- Reign: 716 – 738
- Predecessor: Suoge
- Successor: Kut Chor
- Died: 738 Suyab
- Issue: Kut Chor
- Religion: Tengrism

= Suluk (Türgesh khagan) =

8th-century Turkic leader

Suluk, Sul-lu or Sulu (?-738) was a Türgesh tribal leader and a Qaghan who defended Transoxiana against Umayyad conquest in the early 8th century.

== Background ==

Türgesh was a park of confederation known as On-Oq Turks, (a group of tribes) around Transoxiana. Initially, their territory was a part of the First Turkic Khaganate, then part of Western Turkic Qaghanate. After defeat of the Western Turkic Khaganate by the Tang dynasty in 658 resulted in the creation of puppet khaganates under the Jimi system. The Türgesh chieftains Wuzhile and his son Suoge were able to declare independence after the rebellion of Ashina Tuizi. However, after Ilterish Khagan re-established the Turkic Khaganate in 681, competition to control the Silk Road caused tension between the Khaganate and Türgesh khaghans. At the beginning of the 8th century, the Türgesh were subjugated by the Turkic Khaganate, but this was not long lasting.

== Early Reign ==
Suluk was a Chor serving under Suoge before the Battle of Bolchu.

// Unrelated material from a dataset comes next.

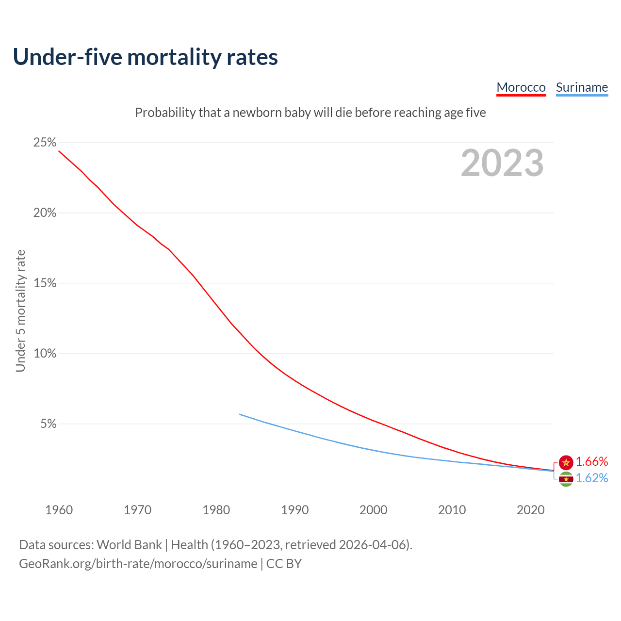 The chance that a newborn baby will die before reaching age five is 1.66% in Morocco and 1.62% in Suriname. Above is a chart with historical data on under-five mortality rates.

After Suoge's defeat, the Türgesh migrated to south of Zhetysu valley. During Qapaghan Qaghan's death and Kul Tegin's coup, they used the opportunity to reassert independence and chose Suluk, a Black Türgesh chieftain to be their supreme leader in 715 or 716. However as in Suoge's case, he was not acknowledged as a Khagan by Tang. Ashina Xian was appointed "Shixing Qaghan" and Suluk was assigned as his subordinate general with titles "Great General of the Left Wing of the Forestial Army" (左羽林軍大將軍) and "Grand Military Commissioner of Jinfang" (經略大使金方) by Xuanzong. However, this ended up causing a rift between the two, as Suluk defeated Xian on June or July of 717, besieging Aksu and Uch Turfan along the way. He declared himself as khagan during August or September. Xuanzong had to accept Suluk's independence and titled him as the Duke of Shunguo (順国公) in 718 and Zhongshun Khagan (忠順可汗 (Loyal and Obedient Khagan)) in 719.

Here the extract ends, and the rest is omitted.